• _Data to use_:
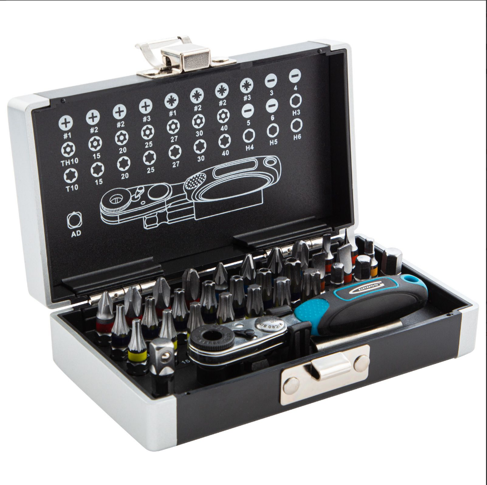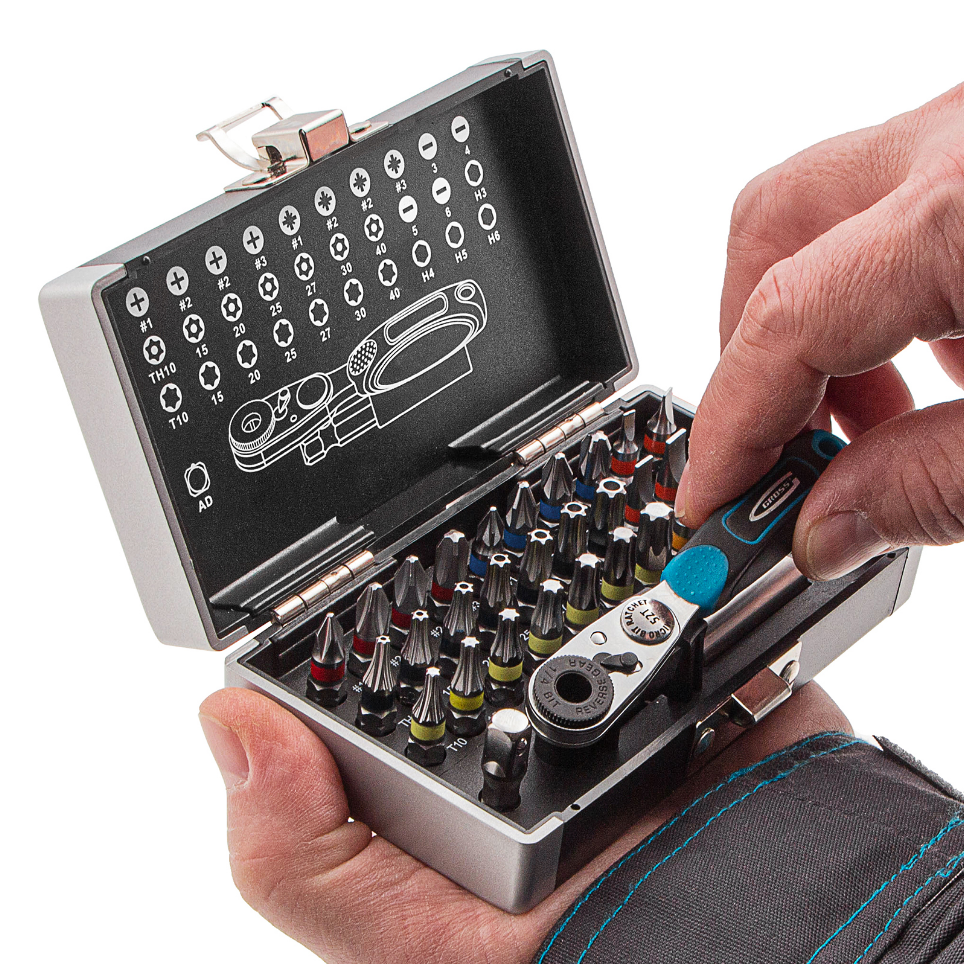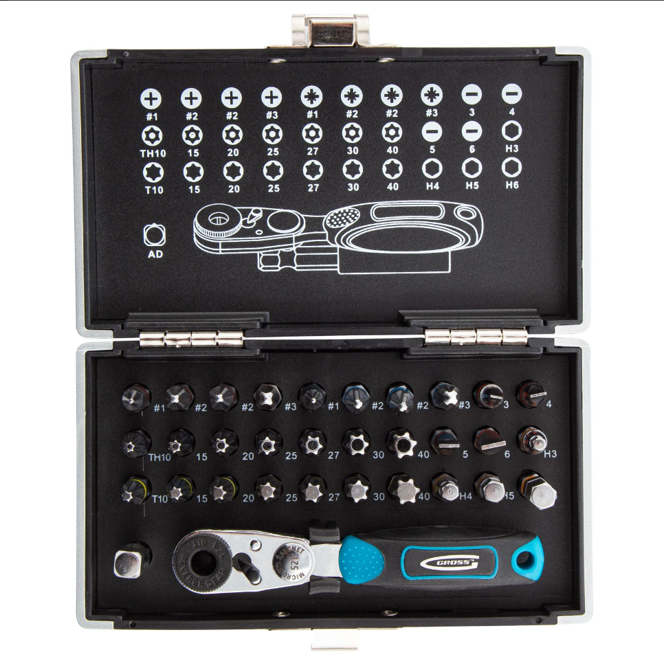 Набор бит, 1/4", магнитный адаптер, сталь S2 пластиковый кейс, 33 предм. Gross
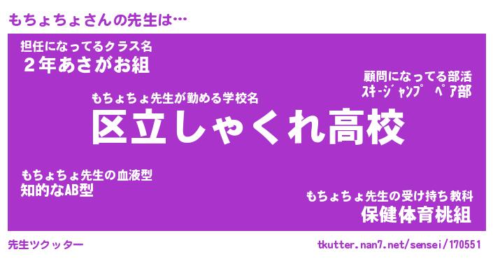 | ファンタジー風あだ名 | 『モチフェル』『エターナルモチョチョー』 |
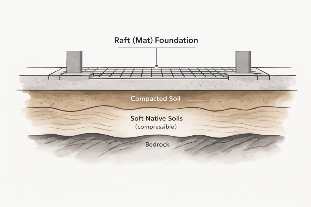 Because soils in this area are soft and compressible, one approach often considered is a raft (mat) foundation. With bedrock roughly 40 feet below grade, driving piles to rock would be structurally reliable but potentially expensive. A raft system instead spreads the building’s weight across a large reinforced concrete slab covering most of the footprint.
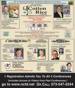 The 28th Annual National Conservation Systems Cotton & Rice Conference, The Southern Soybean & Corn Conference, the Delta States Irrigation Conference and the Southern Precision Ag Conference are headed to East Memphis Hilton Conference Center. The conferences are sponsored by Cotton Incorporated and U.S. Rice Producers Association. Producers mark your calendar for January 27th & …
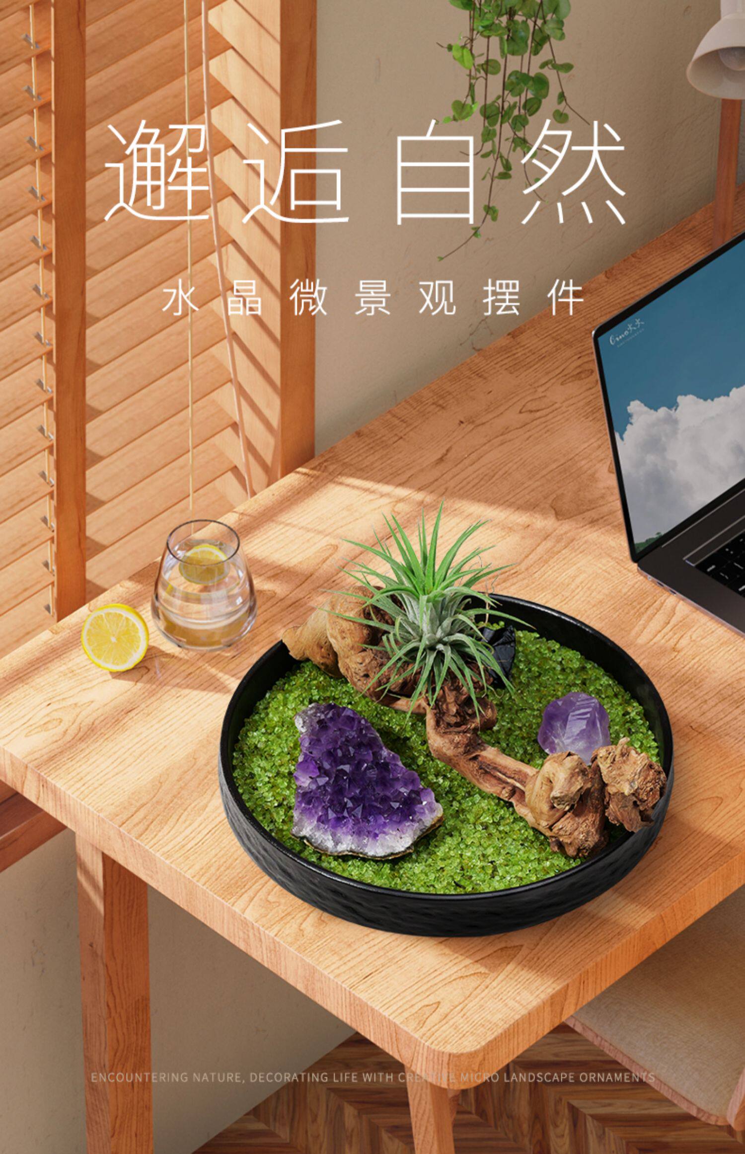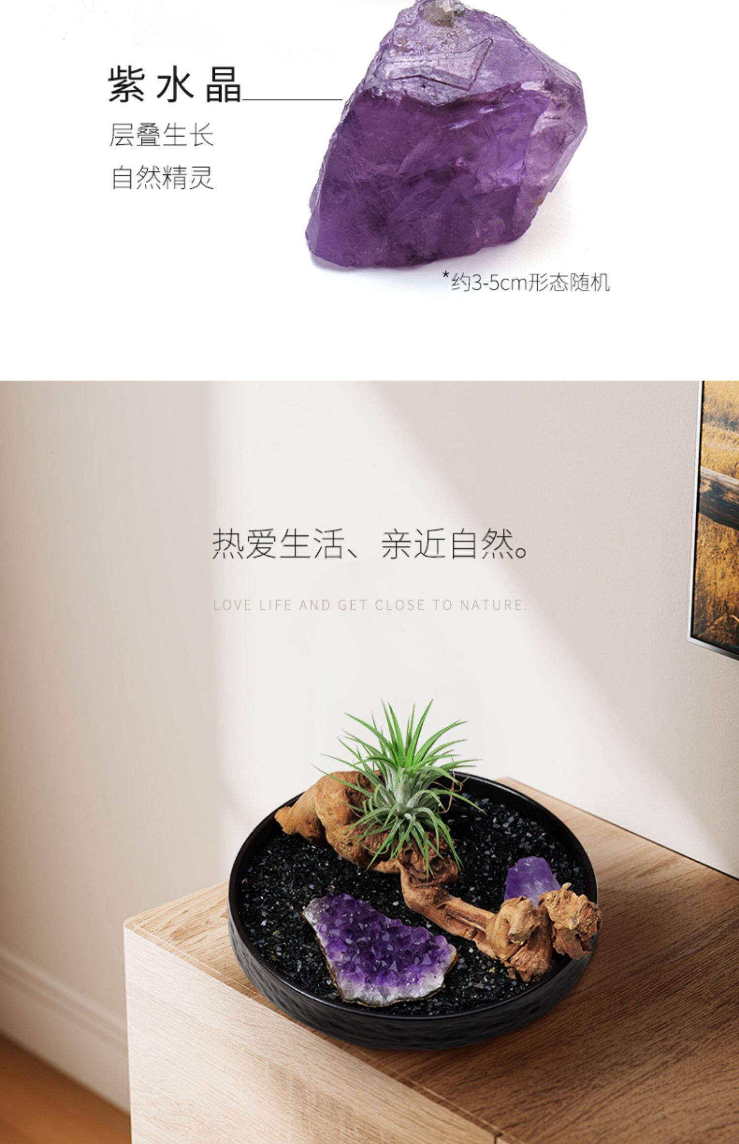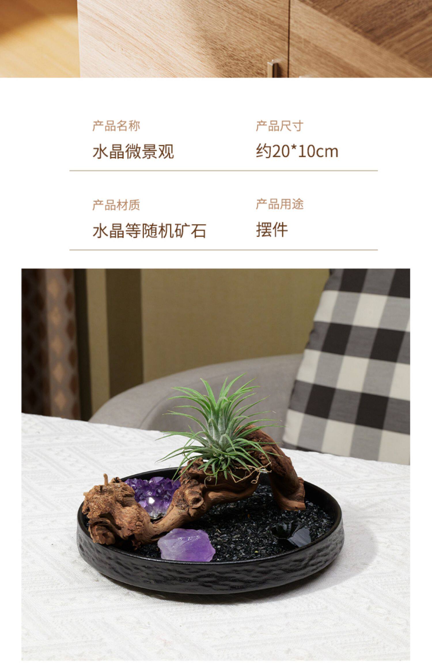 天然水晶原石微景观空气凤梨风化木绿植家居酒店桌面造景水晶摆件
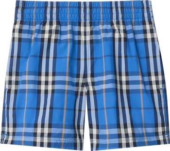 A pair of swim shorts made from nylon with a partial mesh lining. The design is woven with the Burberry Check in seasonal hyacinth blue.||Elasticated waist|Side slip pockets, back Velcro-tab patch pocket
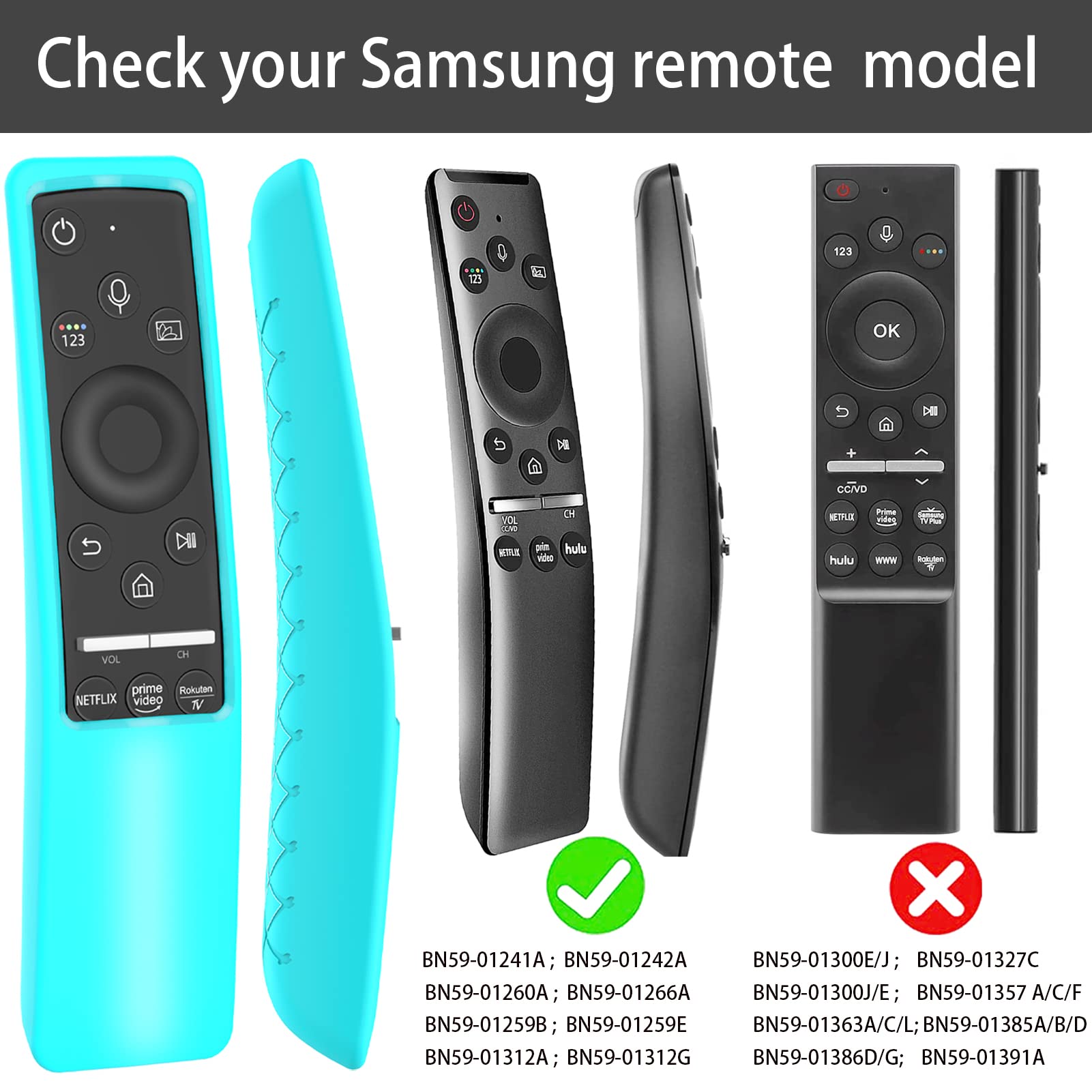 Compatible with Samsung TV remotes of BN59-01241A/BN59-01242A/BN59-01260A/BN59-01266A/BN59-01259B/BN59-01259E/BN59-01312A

• _Work instructions_:
Could every entry be restated word for word, pictures excluded?

• _Answer to the exercise_:
 Набор бит, 1/4", магнитный адаптер, сталь S2 пластиковый кейс, 33 предм. Gross
 | ファンタジー風あだ名 | 『モチフェル』『エターナルモチョチョー』 |
 Because soils in this area are soft and compressible, one approach often considered is a raft (mat) foundation. With bedrock roughly 40 feet below grade, driving piles to rock would be structurally reliable but potentially expensive. A raft system instead spreads the building’s weight across a large reinforced concrete slab covering most of the footprint.
 The 28th Annual National Conservation Systems Cotton & Rice Conference, The Southern Soybean & Corn Conference, the Delta States Irrigation Conference and the Southern Precision Ag Conference are headed to East Memphis Hilton Conference Center. The conferences are sponsored by Cotton Incorporated and U.S. Rice Producers Association. Producers mark your calendar for January 27th & …
 天然水晶原石微景观空气凤梨风化木绿植家居酒店桌面造景水晶摆件
 A pair of swim shorts made from nylon with a partial mesh lining. The design is woven with the Burberry Check in seasonal hyacinth blue.||Elasticated waist|Side slip pockets, back Velcro-tab patch pocket
 Compatible with Samsung TV remotes of BN59-01241A/BN59-01242A/BN59-01260A/BN59-01266A/BN59-01259B/BN59-01259E/BN59-01312A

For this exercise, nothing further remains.